Anthropology Professor Anna Lowenhaupt Tsing of the University of California, Santa Cruz, will discuss how histories can be written to recognize non-human protagonists at the annual Lecture in Anthropology at York.
Tsing will address this question by using the metaphor of the fugue to think through the role of the prized matsutake mushroom in the formation of Japanese village forests. In doing so, she will examine how people can live better with their mutual dependency on a multitude of other species.
Left: Matsutake mushrooms grow at elevations of about 5,000 feet. Photo by Lue Vang.
Martin Singer, dean of the Faculty of Liberal Arts & Professional Studies, will open Tsing’s lecture, titled “Fugues for Multi-Species Living”, on Monday, Oct. 19 at 6pm in the Founders Senior Common Room, 305 Founders College, Keele campus.
Tsing’s research interests lie in feminist anthropology; politics, culture and ecology in Indonesia and the United States; and the work of culture difference in global encounters.

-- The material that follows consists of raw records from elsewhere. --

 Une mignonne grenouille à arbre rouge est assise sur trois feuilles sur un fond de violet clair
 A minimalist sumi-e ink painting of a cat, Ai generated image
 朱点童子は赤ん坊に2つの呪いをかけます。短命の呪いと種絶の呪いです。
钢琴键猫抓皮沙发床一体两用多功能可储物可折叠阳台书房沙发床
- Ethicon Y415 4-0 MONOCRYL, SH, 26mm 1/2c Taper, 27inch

She is the author of Friction: An Ethnography of Global Connection (Princeton University Press, 2004) and In the Realm of the Diamond Queen (Princeton University Press, 1993) and is co-editor of Shock and Awe: War on Words (New Pacific Press 2004) and Nature in the Global South: Environmental Projects in South and Southeast Asia (Duke University Press, 2003).
Left: The matsutake mushrooms grow in dense forests of mixed conifers, lodgepole pines and ponderosa pines in Oregon. Photo by Lue Vang.

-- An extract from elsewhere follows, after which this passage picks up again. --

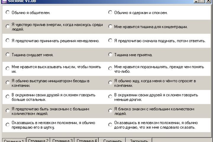 Стандартный интерфейс программы, реализующей опросник для определения соционического типа испытуемого.
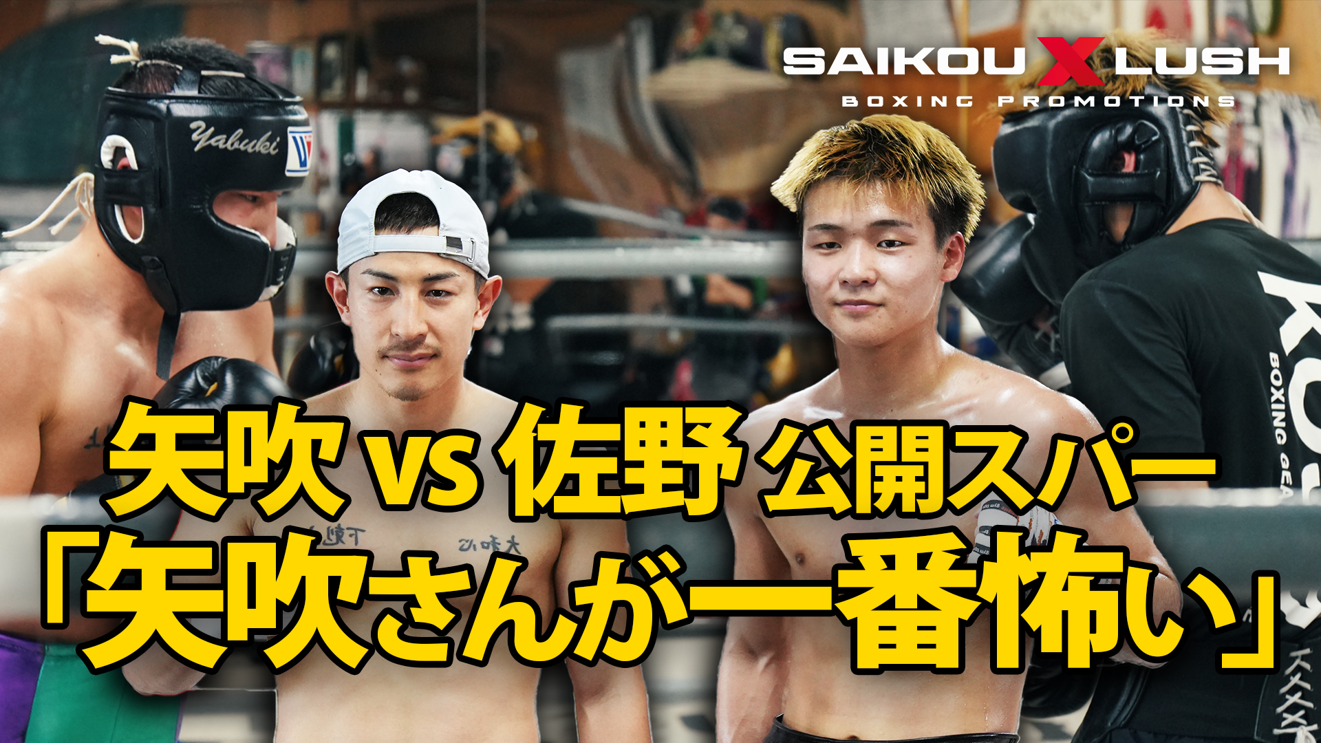 佐野は普段から矢吹とはスパーリングを行う言わば“師弟関係”の中だが、「矢吹さんとのスパーが一番怖い」と吐露するほど矢吹に対して畏敬の念を抱いており、軽量級離れした破壊力抜群のパンチを持つ矢吹正道とのスパーリングは、実戦さながらの極限の緊張感の中で行われた。

York sociology Professor Radhika Mongia, environmental studies Professor Anna Zalik and social anthropology student Jaime Yard will respond briefly to the talk before the discussion is opened to the public.
A book signing of Tsing’s most recent work, Friction, co-winner of the American Ethnological Association’s 2005 Senior Book Prize, will follow the lecture.
In the book, Tsing challenges the widespread view that globalization invariably signifies a clash of cultures, and uses friction as a metaphor for the diverse and conflicting social interactions that make up the contemporary world. She focuses on the rainforests of Indonesia, where capitalist interests increasingly reshaped the landscape in the 1980s and 1990s, not so much through corporate design as through awkward chains of legal and illegal entrepreneurs who wrested the land from previous claimants, creating resources for distant markets. In response, environmental movements arose to defend the rainforests and the communities of people who live in them.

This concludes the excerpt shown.